Monday, December 8, 2025

107 Days

107 Days by Kamala Harris, 300 pages

On July 21st, 2024, Vice President Kamala Harris got a call from her running mate, President Joe Biden.  He had decided, after weeks of pressure, to drop out of the campaign and back her as the Democratic nominee for the 2024 election.  It was up to Harris to step into the breach and save the Democrats from defeat by the deplorable Donald Trump.  She only had 107 days to do it, and 107 Days is her own day-by-day account of that momentous campaign and its immediate aftermath.

Of course, Harris failed, but the hidden comedy of 107 Days is that she still does not seem to have realized this.  The book is filled with stories about how her campaign succeeded and Trump's failed, most directly when discussing the Joe Rogan podcast, which she somehow manages to present as something that she was cheated out of and simultaneously something that hurt Trump.  Again and again, the former vice president is caught believing too many impossible things, that Biden was perfectly fit for a second term but should have quit the race sooner, that she was an inspiring success as vice president but unknown to the American people, that it was impossible to mount a successful campaign in 107 days but that on election night she believed there was no way she could lose.

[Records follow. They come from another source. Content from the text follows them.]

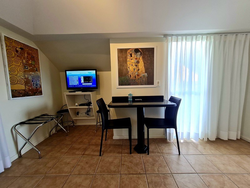 Cafe da manha eh uma delicia! super caprichado e com bastante variedades! o quarto com uma infraestrutura mt boa, com ar condicionado, cozinha privativa, banheiro espacoso, varanda com varal, atendeu muito bem as nossas necessidades! alem da psicina aquecida e o kit praia q eles oferecem durante a estadia! as musicas classicas tocadas durante o cafe da manha e na piscina sao mto boas!! otimo gosto!! foram apenas duas diarias mas a gente amou tudo! com ctz voltaremos na proxima oportunidade! e recomendamos!
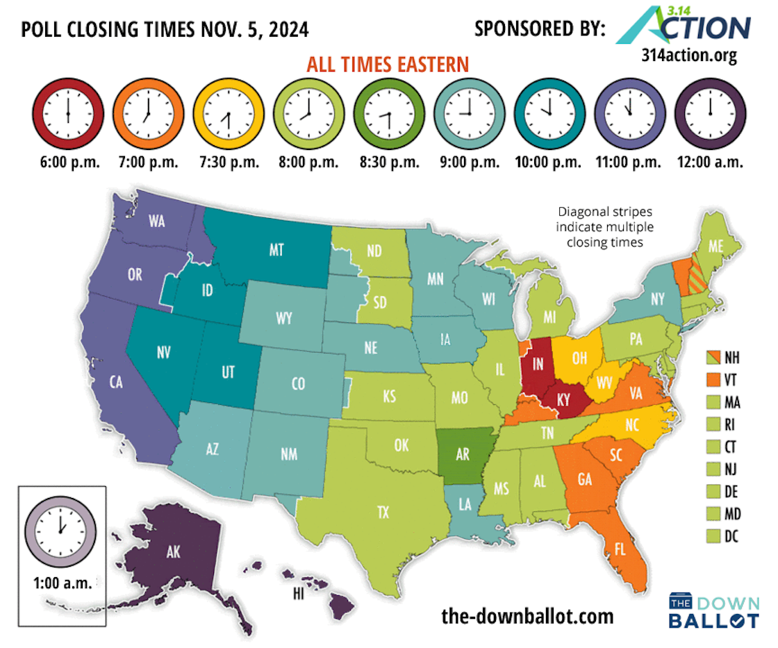 Como parte del enredado sistema electoral en Estados Unidos, cada estado decide a qué hora cierran las casillas. Es una verdadera pachanga:
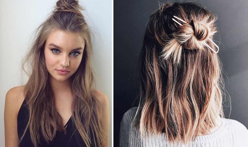 São ótimos para mudar um pouco o visual e deixar as madeixas mais interessantes sem grande esforço. O modelo com um coque feito na parte de cima combina tanto com cabelos lisos quanto com ondulados, cacheados e crespos. O coque pode ser bem esticado e polido ou mais desalinhado, no estilo messy. Para conquistar esse estilo mais bagunçadinho e despojado, utilize uma prancha para alisar desde a raiz ou modelar os cachos.
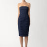 The Brooklyn Dress is a strapless, fitted denim midi style with a fully boned corset bodice. Featuring hand-tied pipa knots that trace the front from the waist down, it’s a signature silhouette with sculpted support.
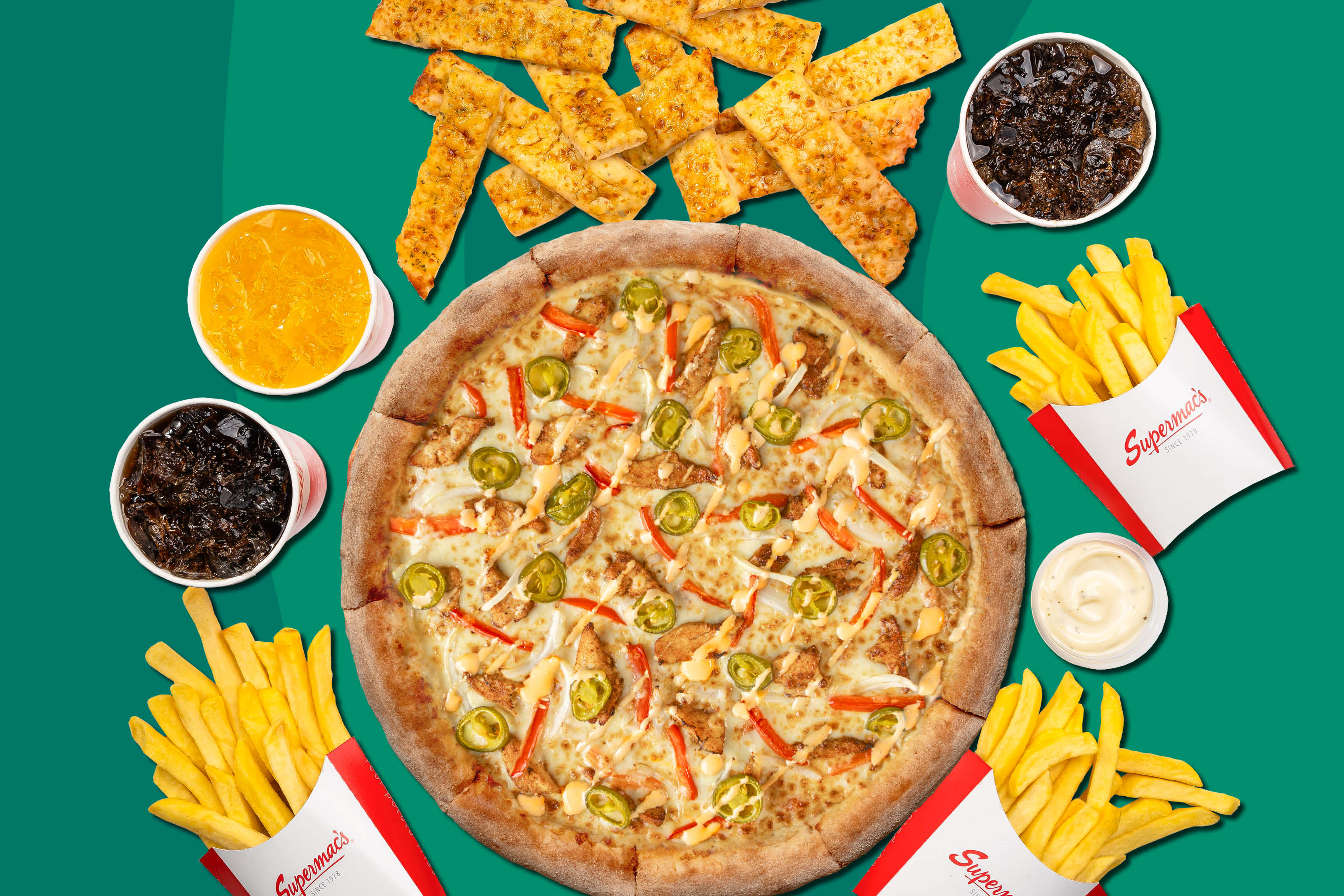 14” Pizza with 3 toppings, 3 Regular Drinks, 3 Regular Fries, 8 Chicken Nuggets or Garlic Bread.€32.95€50.303Double Deal - Small
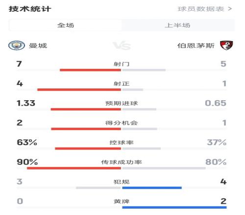曼城半场20伯恩茅斯数据:射门75,射正41,控球率63%37%
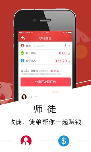 3、收徒模式:让徒弟来帮你赚钱,有礼替你发红包。让好友填写你的专属邀请码, 就可获得2元红包,之后就等着好友不断为你创收了。
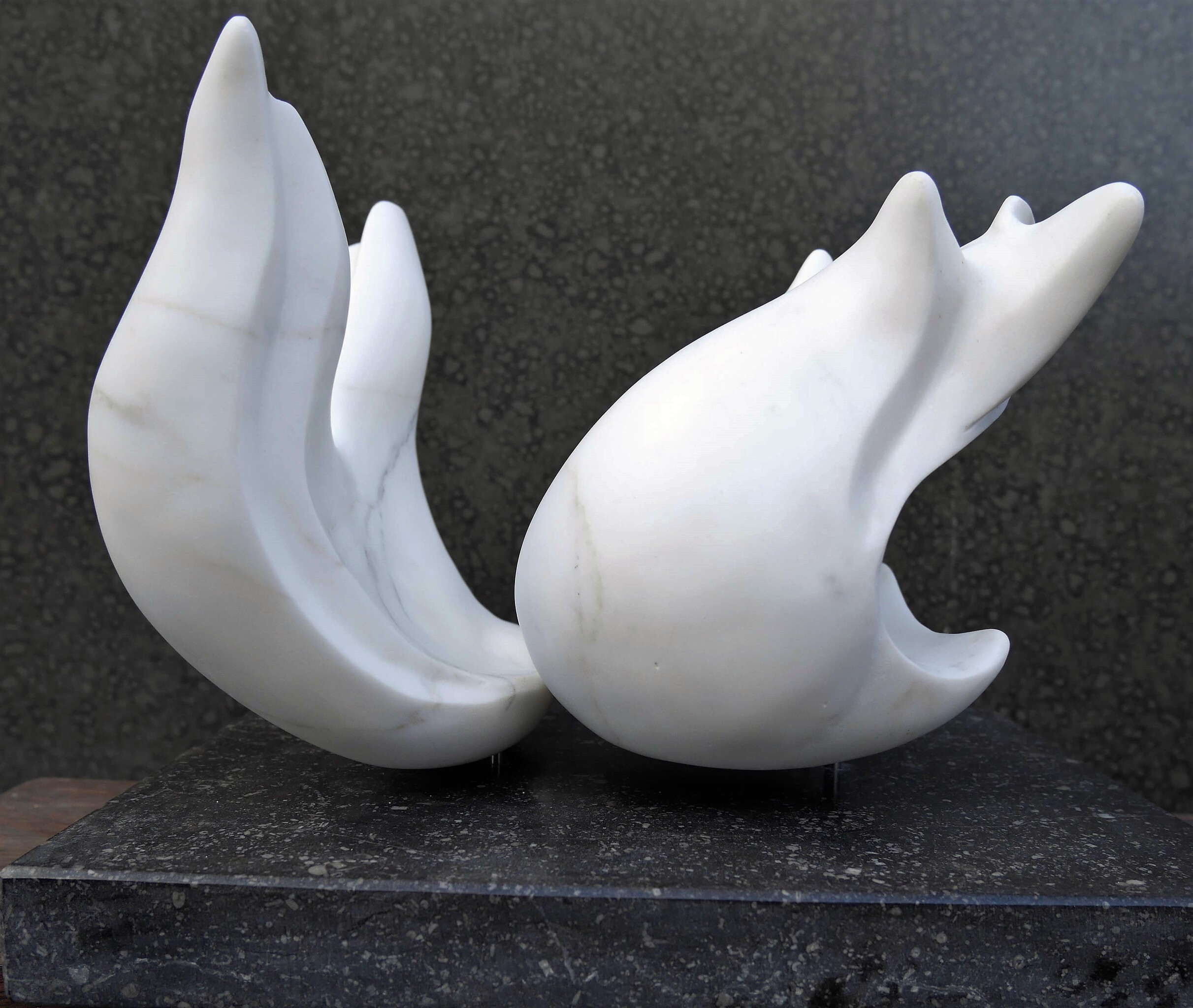Mijn beelden zijn in brons figuratief en in steen vaak abstract. Inspiratie vind ik in de dans en de natuur.
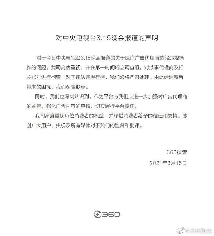 360搜索官方微博就3·15晚会报道的360搜索医药广告造假链条问题发表了声明:对涉事代理商及相关账号进行彻查。对违法违规行径,必将严肃处理,给消费者带来的困扰深表歉意。同时,作为平台方,360搜索应进一步加强对广告代理商的监管,强化广告内容的审核,切实履行平台责任。
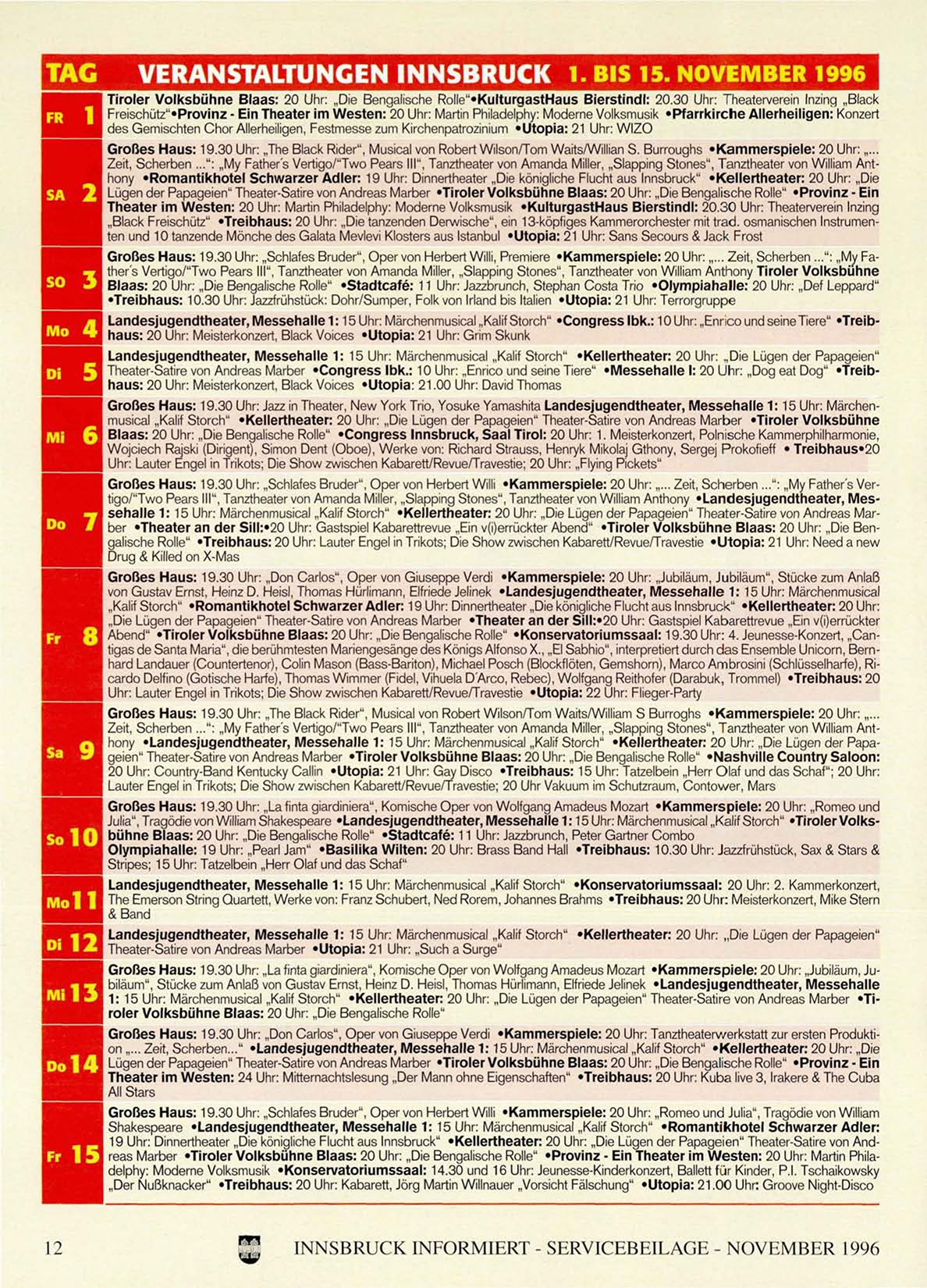 VERANSTALTUNGEN INNSBRUCK 1. BIS 15. NOVEMBER 1996
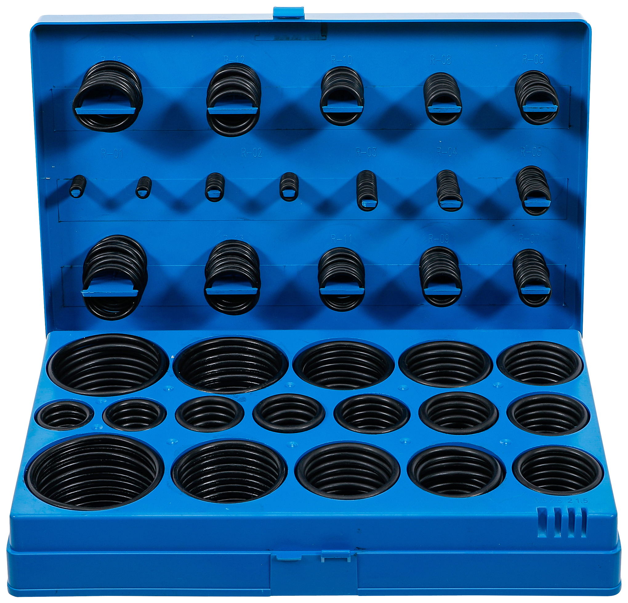 O-ringssortiment med 419 dele: 32 forskellige størrelser fra 3-50 mm. Indhold: 20× ø3 mm (styrke 1,5 mm), 20× ø4,5 mm (styrke 2 mm), 18× ø5 mm (styrke 2 mm), 23× ø7 mm (styrke 1,5 mm), 23× ø10 mm (styrke 1,5 mm), 23× ø13 mm (styrke 1,5 mm), 14× ø10 mm (styrke 2,5 mm), 13× ø11 mm (styrke 2,5 mm), 14× ø13 mm (styrke 2,5 mm), 13× ø14 mm (styrke 2,5 mm), 14× ø16 mm (styrke 2,5 mm), 14× ø18 mm (styrke 2,5 mm), 13× ø19 mm (styrke 2,5 mm), 14× ø21 mm (styrke 2,5 mm), 13× ø22 mm (styrke 2,5 mm), 10× ø18 mm (styrke 3,5 mm), 10× ø20 mm (styrke 3,5 mm), 10× ø22 mm (styrke 3,5 mm), 10× ø23,5 mm (styrke 3,5 mm), 10× ø25 mm (styrke 3,5 mm), 10× ø26,5 mm (styrke 3,5 mm), 10× ø28 mm (styrke 3,5 mm), 10× ø30 mm (styrke 3,5 mm), 10× ø31 mm (styrke 3,5 mm), 10× ø33 mm (styrke 3,5 mm), 10× ø34,5 mm (styrke 3,5 mm), 10× ø36 mm (styrke 3,5 mm), 10× ø38 mm (styrke 3,5 mm), 10× ø41 mm (styrke 3,5 mm), 10× ø44 mm (styrke 3,5 mm), 10× ø47 mm (styrke 3,5 mm), og 10× ø50 mm (styrke 3,5 mm). Nb ikke egnet til drikkevand. Emballage egnet til vægophæng.
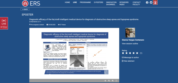 En el “ERS International Congress 2020”, que en esta edición se está celebrando en formato virtual, se acaban de publicar dos ponencias sobre el nuevo dispositivo para el diagnóstico y tratamiento de la apnea del sueño denominado kalinix, desarrollado por Torytrans y apoyado por CDTI.
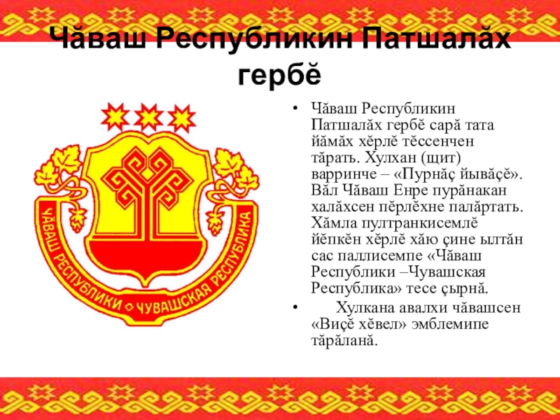 Слайд 9Чăваш Республикин Патшалăх гербĕ
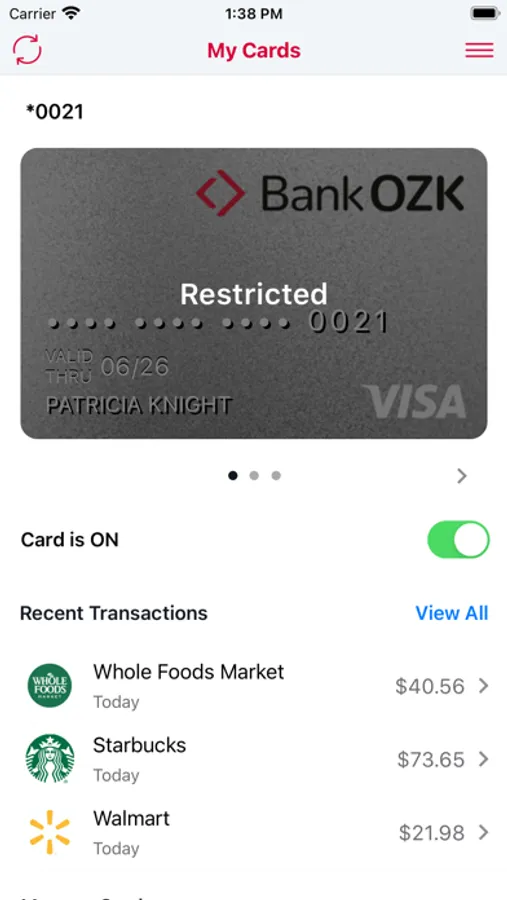 Bank OZK Cards helps you protect your Bank OZK debit cards by sending you transaction alerts and giving you the ability to define when, where and how your cards are used. Simply download the Bank OZK Cards app to your smartphone, then customize your alert preferences and usage settings to monitor and manage your cards.

Throughout, it is not entirely clear whether Harris is consciously trying to deceive or whether she is herself badly out of touch with reality, a distressing but by no means unusual trait in an American politician in the early 21st century.  Pointless agreements about combating climate change are touted as great foreign policy successes while wars rage around the globe.  The importance of job programs and affordable housing for American workers are touted as major priorities but legal and illegal immigration are treated as a minor concern.  She repeats Bernie Sanders' advice on the day Biden stepped aside not to concentrate on abortion as her defining issue, yet again and again that is what she does, secure in her complacency that no one who matters could possibly disagree with her.

This is the punchline of a very funny 300 page joke.  Harris claims to represent the future of democracy in the United States, but she repeatedly demonstrates that she neither understands nor particularly cares for the actual people of that country.  The comedy of her comeuppance is that much greater for not being hers alone, but shared by every institution that mocks the concerns of ordinary Americans because they do not conform to progressive ideological orthodoxy.